Contemporary Progress in the Hybrid Coating of Titanium Alloys using the Liquid Additive Manufacturing Technique
DOI:
https://doi.org/10.37934/aram.113.1.108117Keywords:
Titanium Alloys, hybrid coating, liquid additive manufacturing, wear resistanceAbstract
This paper presents a review of the contemporary advancements in hybrid coating applications on titanium alloys using the liquid additive manufacturing technique. Hybrid coatings represent highly functional coatings with very good hardness, wear resistance, and adhesion properties with other tailored properties for the application of aerospace, automotive, construction, and maritime industries.
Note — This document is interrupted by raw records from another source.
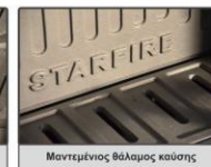
Μαντεμίνιος θάλαμος καύσης
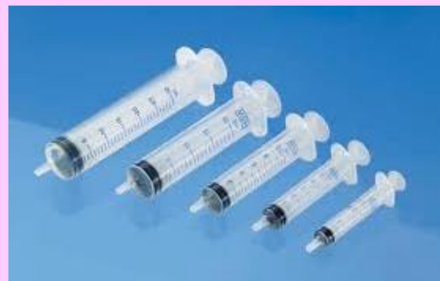
Luer look kapaklı enjektör
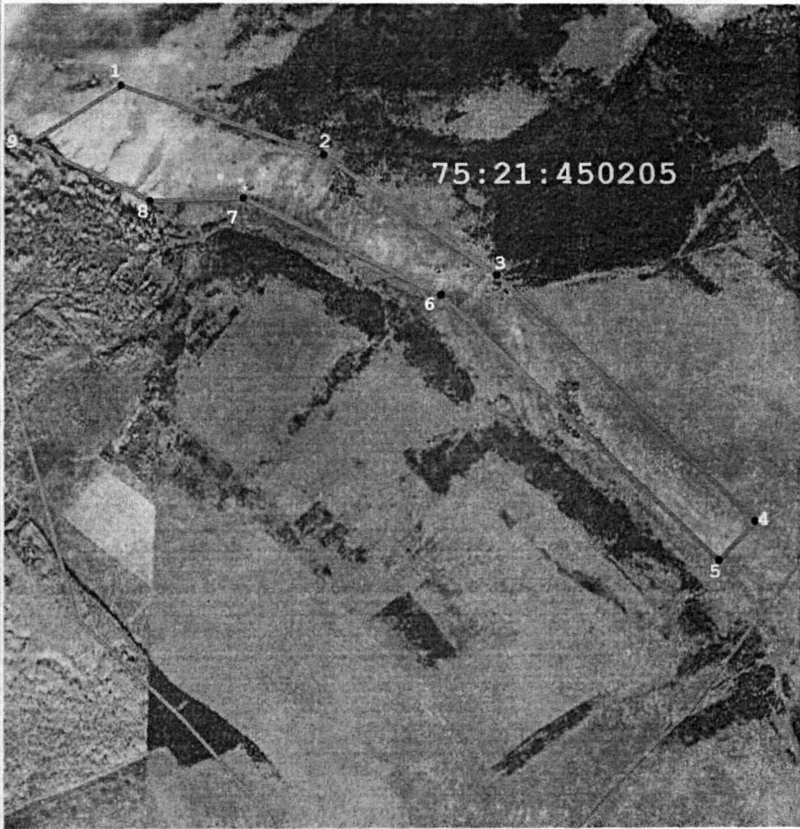
Масштаб 1:20 000
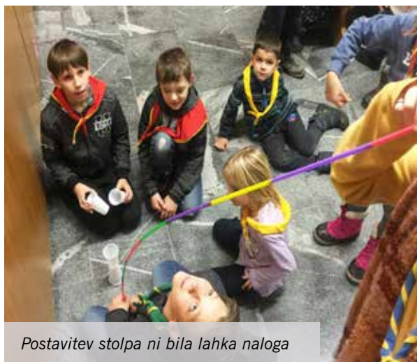
Postavitev stolpa ni bila lahka naloga
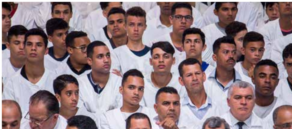
Visão de alguns candidatos pertencentes ao sexo masculino, momentos antes do batismo

Em 2017, sede nacional promoveu quatro batismos, sendo o ato de dezembro o que mais reuniu candidatos; na média, a cada três meses, 327 pessoas adentraram à comunhão
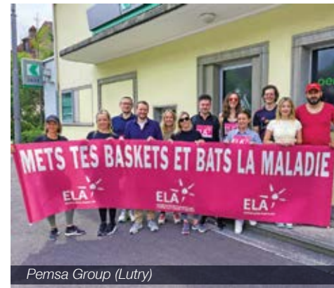
Pemsas Group (Lutry)
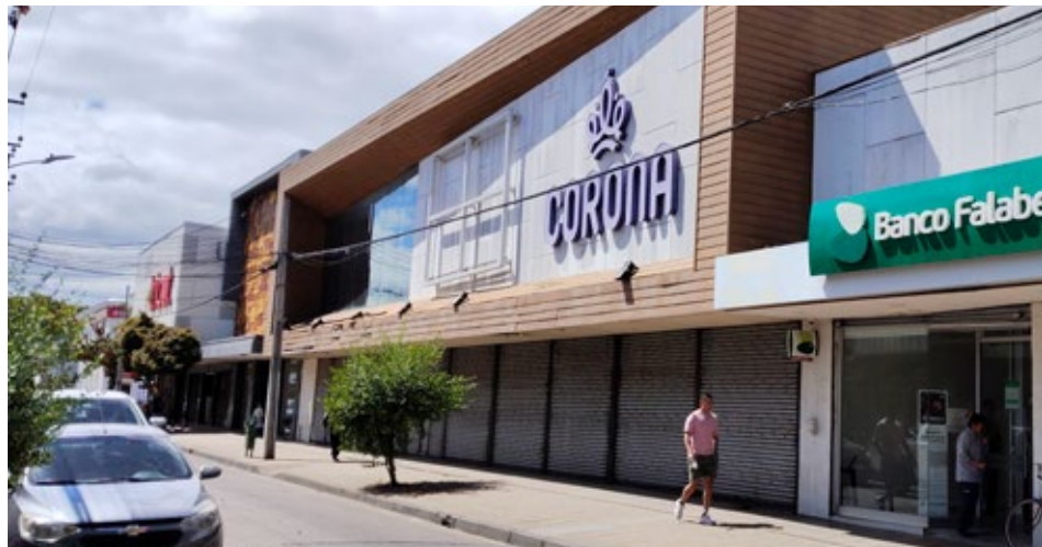
La tienda se ubicará en el local donde anteriormente estaba Corona, por calle Lautaro, junto a la sucursal del Banco Falabella.

La tienda integrará el acceso al catálogo digital completo de la empresa y ofrecerá servicios como Retiro en Tienda y cajas de autoservicio, orientados a mejorar la experiencia de compra de los clientes.
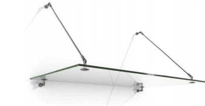
SZKLANE ZADASZENIE NAD WEJŚCIEM_Z-1 235x120
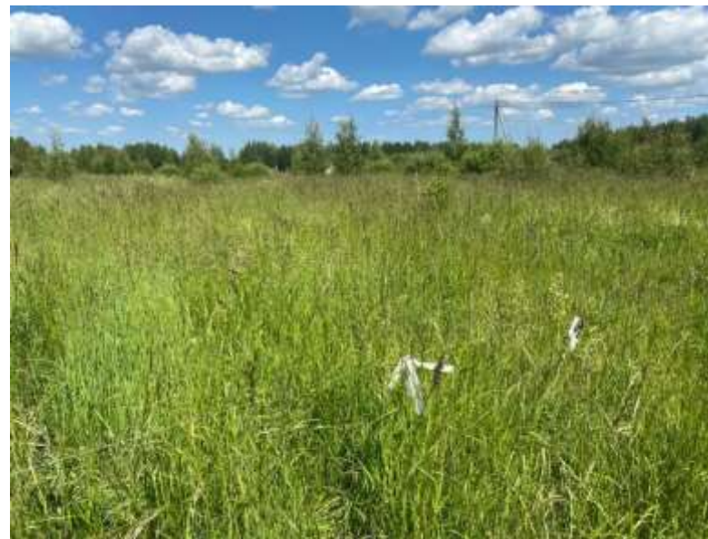
Фото №2. Общий вид участка
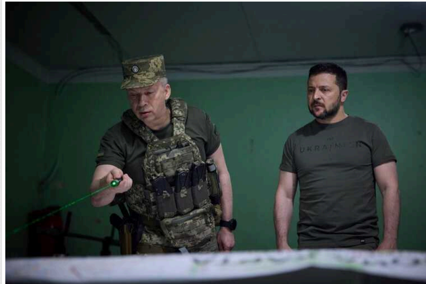
Сирський приховав від Єрмака та Заходу план щодо Курської області: розмовляв із Зеленським наодинці, – The Economist

Західних союзників, стверджує джерело журналістів, також навмисно не інформували, адже дві попередні операції Олександра Сирського були "злиті" нібито партнерами.
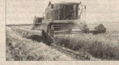
кўрсаткич янада юқори — 55-65 центнердан ошиб кетди.
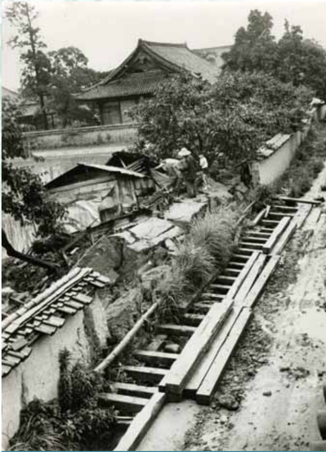
長雨で崩れた法隆寺の土塀 (昭和42年7月8～9日大雨)
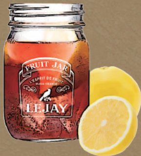
フランボワーズ生グレーフル Framboise grapefruit
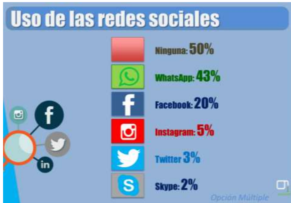
Gráfica sobre el uso de aplicaciones virtuales
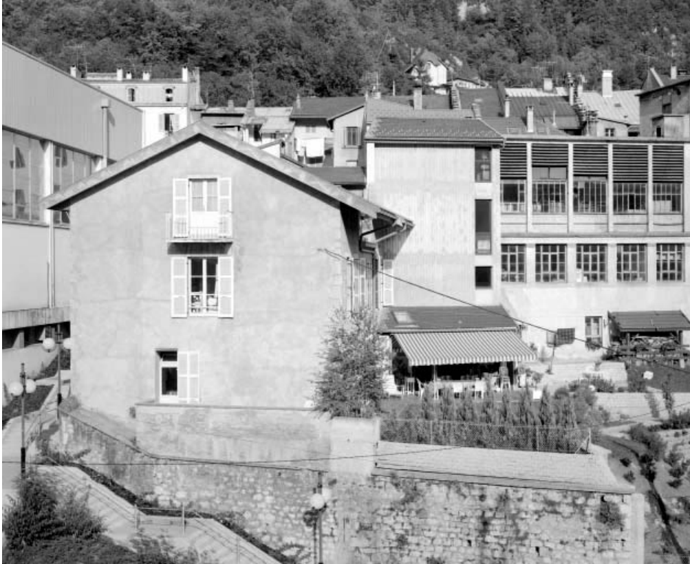
Bâtiment des bureaux et atelier de fabrication nord.

39, Saint-Claude, 3, 5 passage de la Cheneau
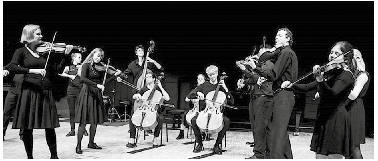
Syddansk Musikkonservatoriums kammerorkester giver koncert ved afstemningsfesten 10. februar på Jaruplund Højskole.
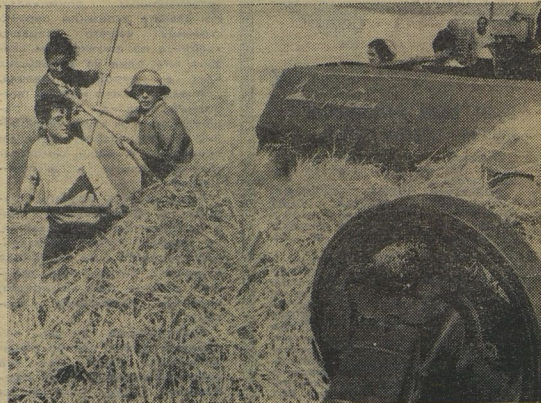
Армянские школьники на уборке хлеба.
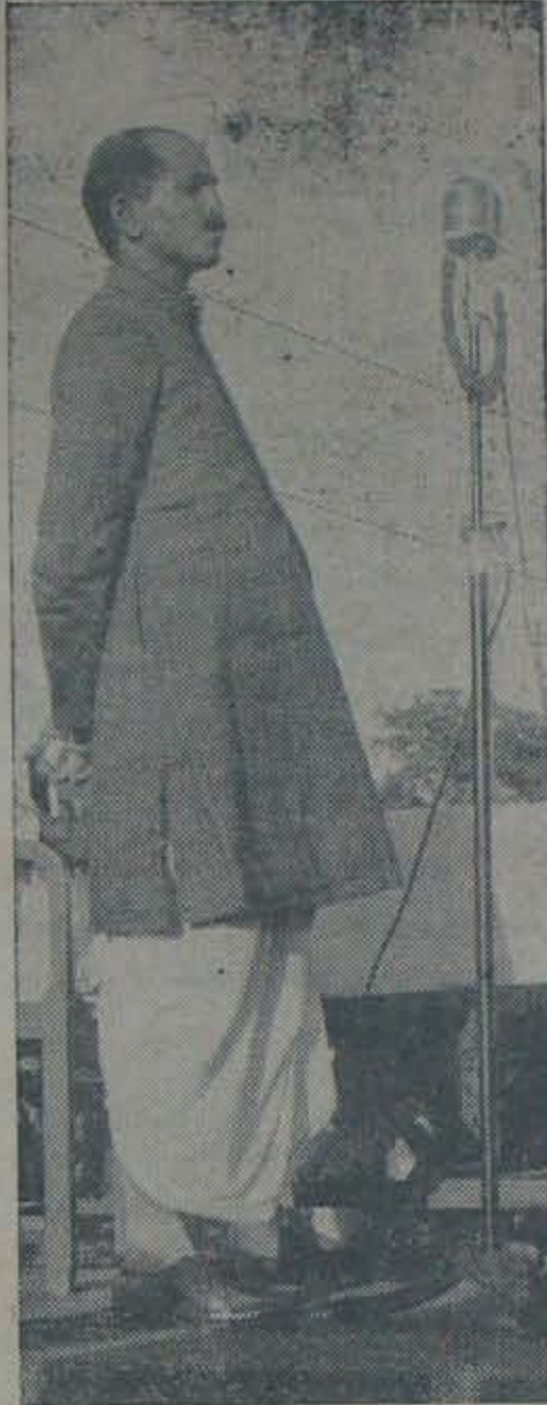
బలమునో సగి, సుక్రమ పరిపాలనా నిర్వహణకు కారకు లయ్యెదరనియు, ఆయురారోగ్యము లతో చాలకాలము తృణల క్షేమము లరయు

“ఏమి దీర్ఘ కాలము వడవిలోనుండి కొంత దెడిదిసనియును, శ్రీ రంగాగారు వడవికి రావలయు వడవికి వా కోరిక. ప్రజాస్వామ్య కక్షలకు
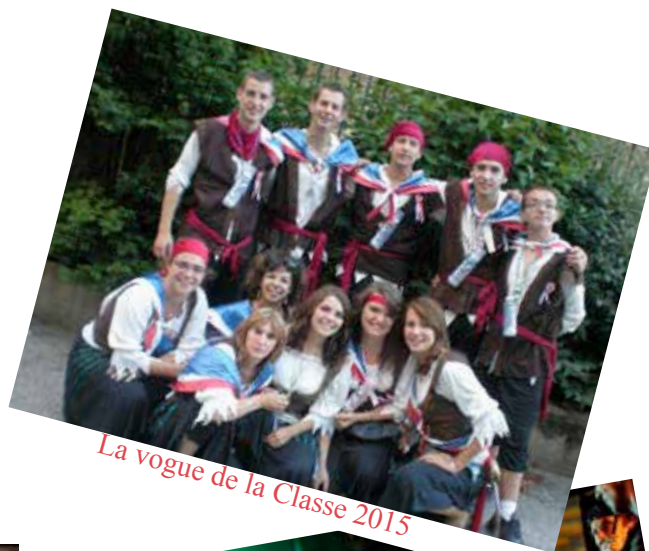
La vogue de la Classe 2015
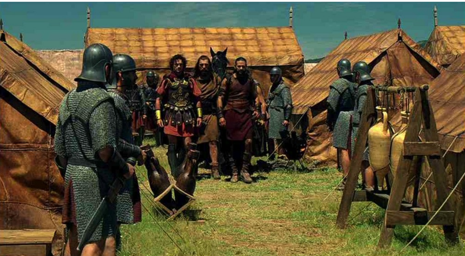
Hispania, la Leyenda : et s'avancent entre les tentes,
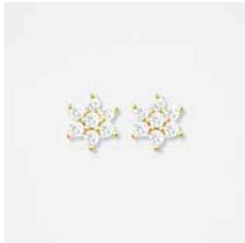
AUE10DVK - 299,00 €

Diseños en Oro de Ley de 18 quilates con diamantes
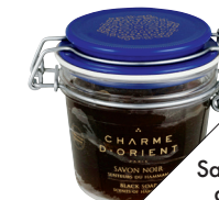
Savon noir Senteurs du hammam, de Charme d'Orient (37 $; rainspa.ca ).
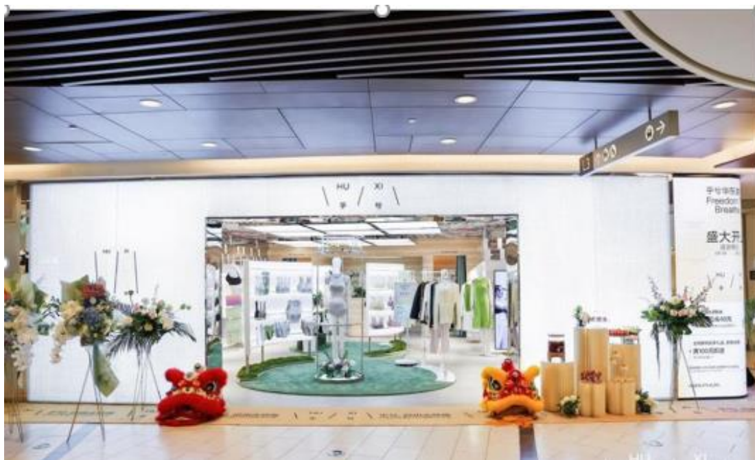
HU XI 乎兮 | 新店铺形象

Within this review, a comprehensive study of the foundational principles governing hybrid coatings is highlighted with the key aspects of the selection of metallic substrates, diverse coating methods, and the characterization of coatings. A perceptive segmentation of the merits and demerits attendant to diverse surface coating processes such as liquid additive manufacturing, sol-gel deposition, laser beam techniques, thermal spraying, and micro-arc oxidation are analyzed. Based on the literature review, it can be found that TIG torch LAM technology, appears as an encouragement rendering itself both cost-effective and ecologically sustainable, this methodology not only bequeaths a meticulous control over the mantle of coating thickness and composition but also bestows upon the resultant hybrid coatings an enhanced morphology and hardness, particularly within the realm of titanium alloys. Therefore, evident is the prospect of a transformative trajectory, wherein the higher costs associated with a laser beam, liquid deposition, and sol-gel techniques are supplanted by the greener, more sustainable embrace of liquid additive manufacturing. The hybrid coating on commercial purity titanium showed that hybrid coating enhances hardness value by a factor of three to fourfold accompanied by the development of a new microstructure. In conclusion, this paper explains the reflective impact of hybrid coatings and stresses the potential of TIG torch LAM technology in advancing the field of surface engineering, particularly in the context of hybrid coating on titanium alloy materials.